| Task brief |
Using the data beneath this instruction, retype only the lines from the one that contains "발 위에 체중을 분산시켜 발가락으로 균등하게 바닥을 누르기." down to the one that contains "Gast, WC, HWR", both included, exactly as they appear.

| Supplied information |
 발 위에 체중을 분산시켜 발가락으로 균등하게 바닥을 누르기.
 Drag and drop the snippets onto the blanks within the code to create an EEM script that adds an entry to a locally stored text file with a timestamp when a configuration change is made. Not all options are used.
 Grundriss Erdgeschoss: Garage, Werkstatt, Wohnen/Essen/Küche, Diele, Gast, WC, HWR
---
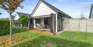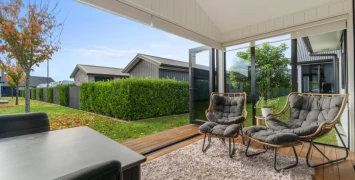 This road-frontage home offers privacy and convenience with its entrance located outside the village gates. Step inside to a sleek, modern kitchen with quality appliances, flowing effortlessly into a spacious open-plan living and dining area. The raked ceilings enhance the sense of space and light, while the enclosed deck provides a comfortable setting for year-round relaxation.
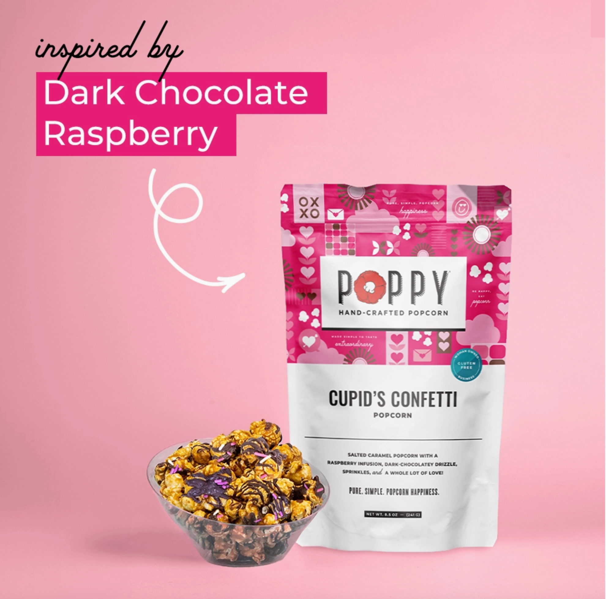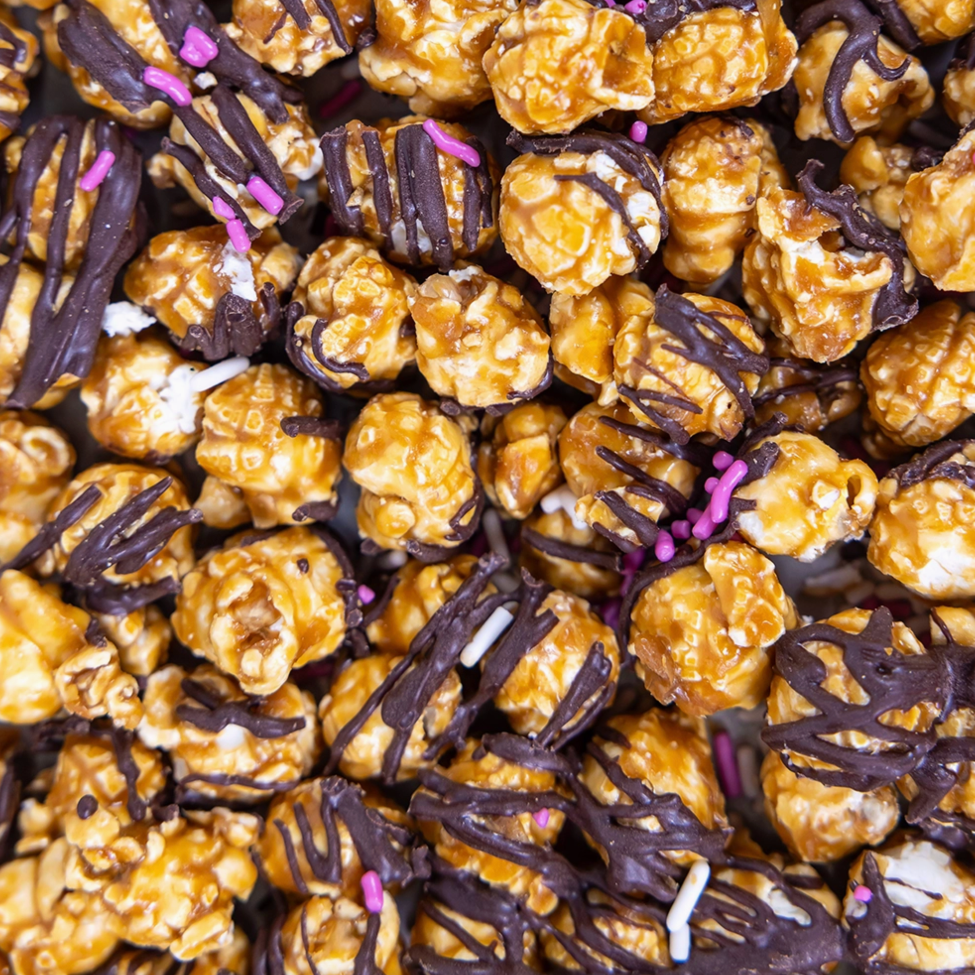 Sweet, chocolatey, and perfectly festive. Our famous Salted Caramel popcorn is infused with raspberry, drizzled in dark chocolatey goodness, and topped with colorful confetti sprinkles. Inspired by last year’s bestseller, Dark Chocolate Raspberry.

| Exercise output |
 발 위에 체중을 분산시켜 발가락으로 균등하게 바닥을 누르기.
 Drag and drop the snippets onto the blanks within the code to create an EEM script that adds an entry to a locally stored text file with a timestamp when a configuration change is made. Not all options are used.
 Grundriss Erdgeschoss: Garage, Werkstatt, Wohnen/Essen/Küche, Diele, Gast, WC, HWR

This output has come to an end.